(Task objective) Please restate, exactly as they appear, only the lines from the one that contains "Weißgold Armband mit" to the final line of the entries, with no pictures.

(Input)
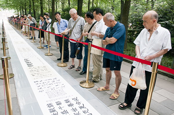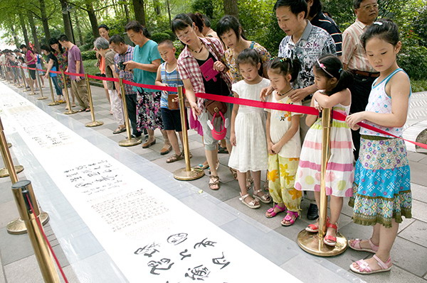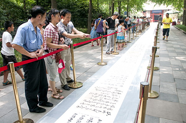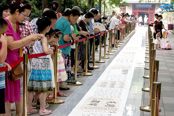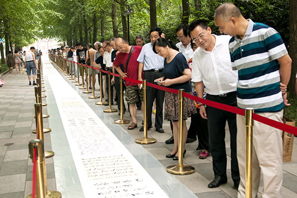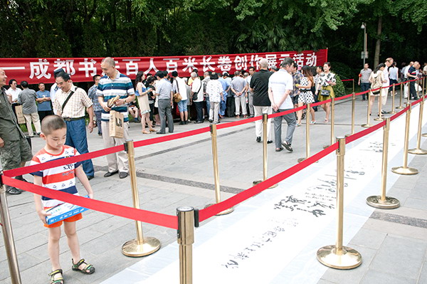 “中国梦”成都书法百人百米长卷创作展示活动在人民公园举行 (此长卷由福宝斋书画装裱广场装裱)
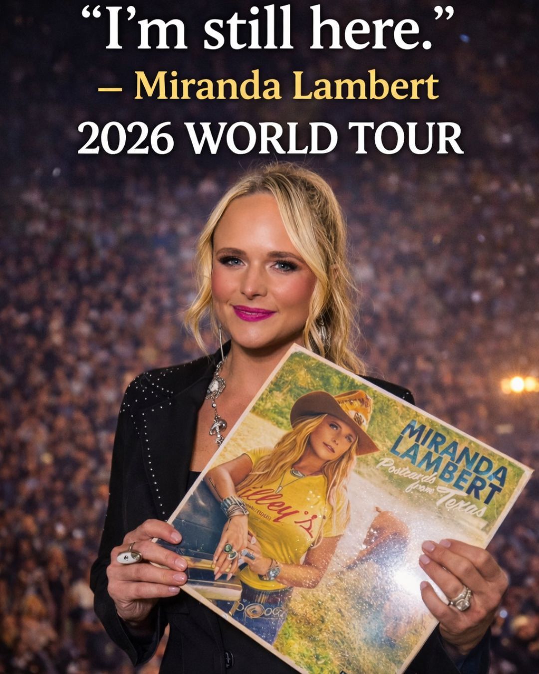 There are moments in music when a simple phrase carries the weight of a lifetime — and in the case of Miranda Lambert, those words are “I’m still here.” — Miranda Lambert. More than a declaration, it feels like a quiet, steady promise from an artist who has weathered storms, endured reinvention, and remained grounded in the values that shaped her earliest songs. As she announces her 2026 World Tour in celebration of twenty remarkable years in country music, Lambert isn’t just returning to the road — she is reflecting on resilience, artistry, and the unbroken bond between singer and audience.
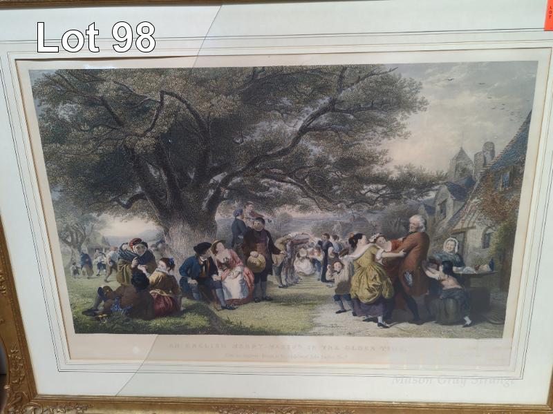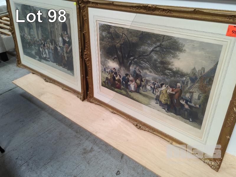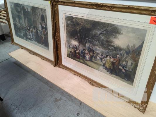 2 x FRAMED PRINTS " AN ENGLISH MERRY MAKING IN THE OLDEN TIME" & "COMING OF AGE IN THE OLDEN TIME" (1 x PANE GLASS BROKEN)
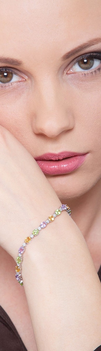 Weißgold Armband mit Amethyst, Peridot, Citrin Rainbow
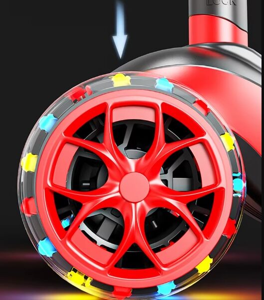 Roțile sunt echipate cu LED-uri care se aprind automat în timpul deplasării, fără baterii, oferind un efect vizual atractiv și o vizibilitate sporită în condiții de lumină scăzută.

(Result)
 Weißgold Armband mit Amethyst, Peridot, Citrin Rainbow
 Roțile sunt echipate cu LED-uri care se aprind automat în timpul deplasării, fără baterii, oferind un efect vizual atractiv și o vizibilitate sporită în condiții de lumină scăzută.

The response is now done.